Because it uses global variables. Or maybe you are asking if I am trying to use
different simulator for increasing… No, no. I’m asking of a dot if you have a lot of tests – we can find for the 10 tests, let’s assume 20 of mutation. So you’ll be,
you’ll be running one step, the next mutation, ok?
>Yeah, so for every mutation I will run one test.>OK. Thank you. That’s a good point because mutation tests can be
time-consuming. Thanks for great talk. Question is: the SIL written in C, right?>No.>In swift?
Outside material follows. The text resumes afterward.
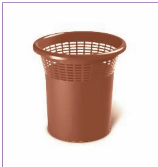
109900 CEST.GETTACARTA MARR.STUD.32,5X33H 2000M sfuso Sfuso, mast Sacchetto 3

>Reader, parser and all the compilation is written in C, or C++, actually. SIL is actaully a representation. You can think…>No, no, no. I am asking about implementation itself. The representation doesn’t matter for me. OK, we can benefit of it, but you have to know C++, right, tf you
want to deep into it. But you were writing like, as far as I saw, some plugin for fastlane and you were using obviously our favourite language, Ruby. And what do you
use for it? Like, do you like handle it only output itself and parsing it by
yourself, or you are using like some external to
read, I don’t know in Swift or Ruby? So the question generally is: how do I read,>Exactly, how do you understand using the other language probably in Ruby, so what SIL outputing.
>So SIL, is a text file that I presented you. I had to actually perform almost the
same steps I presented in slides. So I had to tokenizing, semantically analysis, syntax and so on. However, I didn’t make it 100 % parsing of it.
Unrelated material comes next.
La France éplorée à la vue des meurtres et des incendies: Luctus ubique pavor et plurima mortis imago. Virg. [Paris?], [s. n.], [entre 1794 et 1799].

I was just taking the most important key parts of the SIL representation. Just
to take what I actually needed. As far as I know there is no single SIL parser
on any language other than C++ that you mentioned. That’s why I had to
do it on my own.>OK, so it’s just a simplified version…>Exactly, exactly.
I think nobody can reuse it.>Maybe that’s your niche? You can create something?? In Swift??
>In Swift?! OK!
>OK, Thank you! SIL is a text file, which means that I can
write it manually. Is there any reason or use-case where it makes sense to write? Oh, I don’t believe so. It would be very complicated to write it. Exactly the same you can actually do by writing LLVM IR. You can also write assembly. This is kind of same story.
>I’ve written assembly>Oh, really. You may find SIL very nice language. Thanks! More questions? I have some questions: basically the SIL is our bytecode, JVM bytecode. So we have
something like bytecode weaving, so we can change the bytecode for a problem. Is it the same?
>Yes, as far as I understand what does it mean.>Because in Java we have to write a lot of boilerplate. Now we use Kotlin, but I am talking about Java ages. We have two ways to generate code. So we can use annotation processing, so we can preprocess something. Add more to our code, but still this gonna be java, then compiler. Then compiler complies it to the bytecode. And we have this bytecode waiving. And people, based on bytecode, they do a lot of stuff. And now it is said (at least they say that): If you want to mess with the bytecode, probably there is something wrong.>I agree, as i said. It’s a dangerous stuff. Like pretty powerful, you can change all these things. For mutations, I think it’s an aspect of
the programming of writing test. So you are actually use it to change it, to get some benefit but
imagine a fact that and some guy can to some wrong stuff with SIL. To try
to implement some … analytics for example, post-process analytics. So what do you think about it?>That’s too dangerous Yeah, I’m totally against meta programming, especially in SIL.>Yes, so because I know
that you’re a pretty fan of testing, that’s why I think you research the fact
of SIL and probably you want to build this library for mutation tests. And it’s
an awesome, but do you have any other ideas how to use it?>Any other than for testing? I wouldn’t recommend it to add it
to production code to modify it. Yeah. Generally in the case I did something
wrong. what can be an output of it? Your test, your mutation tests will just say that you’ve got a higher
or lower test quality. Nothing wrong happend. In case you’ve got some
error in the production code, that’s a terrible experience. So yeah, tests in maximum what you can get.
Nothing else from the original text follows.